New research reveals that while many modern people choose to eat vegetarian or vegan fare, our predecessors likely mostly consumed meat and only began to diversify their diets to include more vegetables around the end of the Stone Age. According to a recent research that was published in the American Journal of Physical Anthropology, multiple species of the Homo lineage engaged in “hypercarnivory” during the approximately 2 million years that humans were the top predators.
The location of ancient humans in the food chain, or their trophic level, is difficult to ascertain since we cannot directly see their feeding habits. Therefore, the majority of attempts to do so have concentrated on contemporary hunter-gatherer societies, presuming that the traditions of such civilizations mirror those of early humans.
However, as the authors of this most recent study point out, such comparisons are quite problematic since throughout time, people would unavoidably have been driven to adjust their preferences for hunting and gathering due to changes in the biological landscape. For instance, a significant change in human diets was brought about by the extinction of megafauna like mammoths and other huge animals.
In order to identify the trophic level of our predecessors during the Pleistocene, which began 2.5 million years ago and ended around the period of the agricultural revolution, or 11,000 years ago, researchers tried to recreate the food of ancient people. To ascertain whether early humans were specialist carnivores or more general omnivores, the team used a multidisciplinary method to review over 400 scientific research in fields including genetics, metabolism, morphology, archaeology, and paleontology.
25 different sources of evidence were uncovered throughout their inquiry, and they all point to our ancestors being hypercarnivores. For instance, carnivorous animals have characteristically acidic stomachs because this guarantees that any infections hiding in meat are destroyed. Our predecessors were well equipped to eat the meat of huge animals they hunted, which would have nourished a community for days or even weeks and would have consequently been full of germs. This is shown by the fact that modern humans’ stomachs are more acidic than other carnivores’.
This is supported by the observation that a number of ancient hominids had morphological adaptations for hunting megafauna. For instance, Homo erectus had shoulders that were perfect for hurling spears but unsuited for climbing trees, indicating that the species likely consumed more meat than vegetation.
Additionally, human genome expression of genes that aid in the digestion of plant acids and starch did not become widespread until late in the Pleistocene. This shows that there was no evolutionary pressure to adapt to a plant-based diet while hunting was successful, claim the study’s authors. Nevertheless, when animal resources became more rare, populations of people that ingested more plants had greater survival rates.
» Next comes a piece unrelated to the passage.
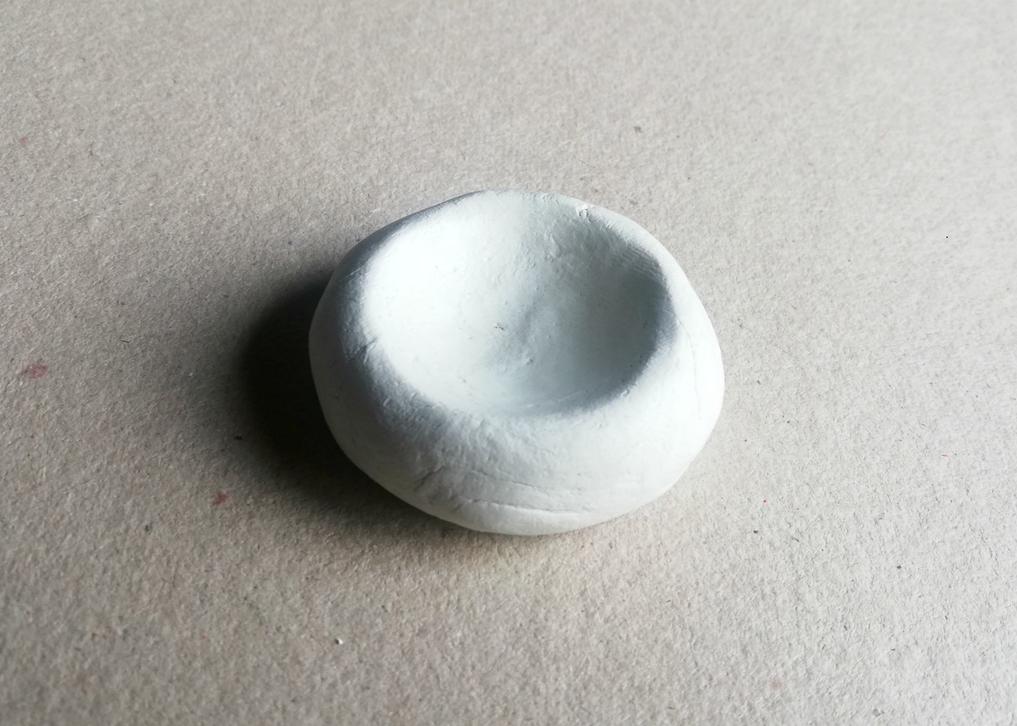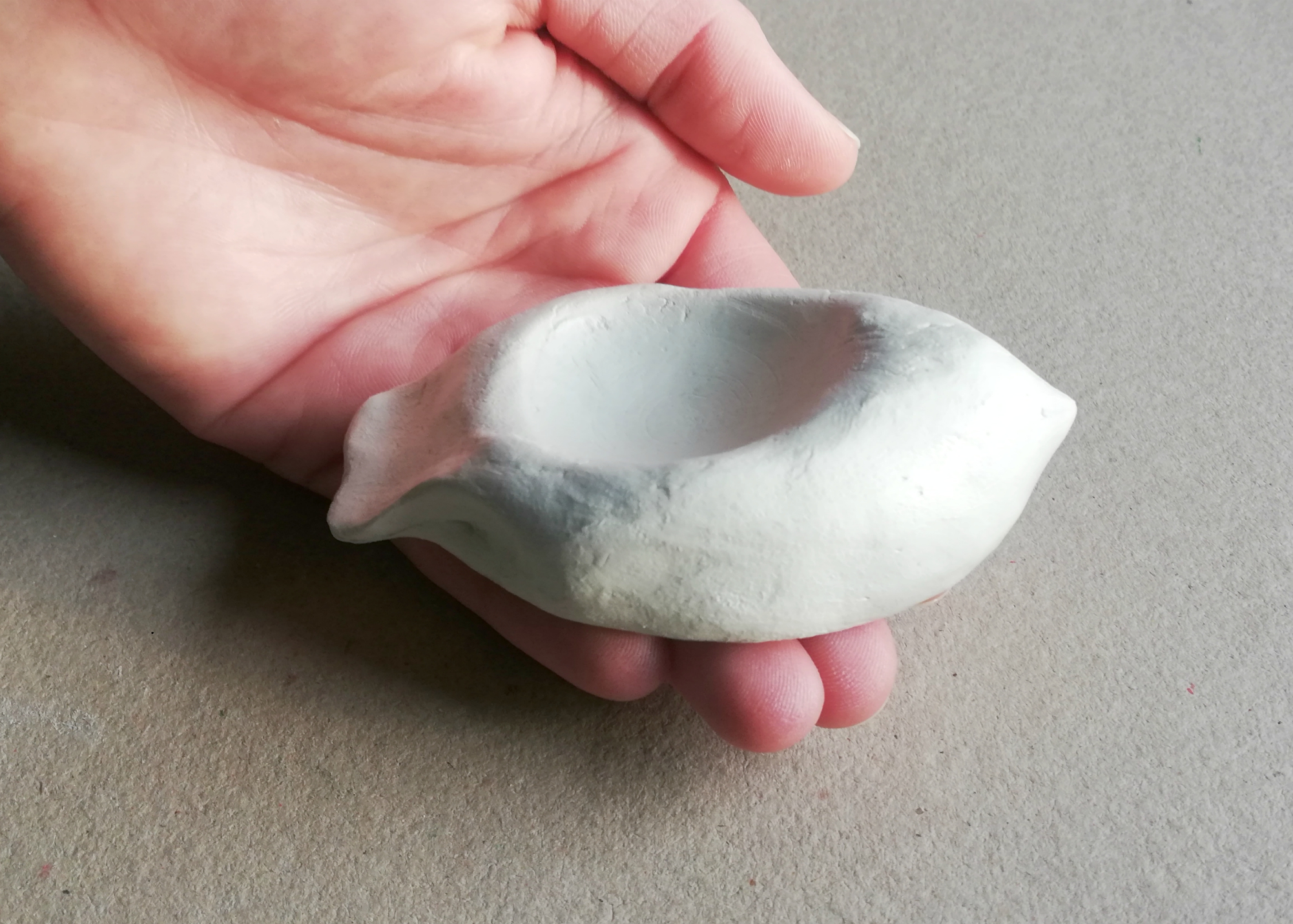 Med obdelavo si v posodici z vodo po potrebi navlažimo prste, da zgladimo morebitne razpoke in prstne odtise. Ko je izdelek suh, ga lahko zbrusimo s finim brusnim papirjem.

The researchers claim that this late shift to a more omnivorous diet served as the impetus for the development of agriculture, which changed the sorts of stone tools employed by prehistoric people. According to their analysis of the archaeological data, implements used in processing plants first appear only about 40,000 years ago and then become more prevalent around the time of the agricultural revolution. The majority of tools used up to this point were made for hunting, and the same kinds of artifacts were discovered in all human-inhabited regions.
Miki Ben-Dor, the study’s lead author, said in a statement that “archaeological data does not neglect the fact that stone-age humans also ingested plants.” However, the results of this study show that plants didn’t really start to dominate the human diet until the very end of the period.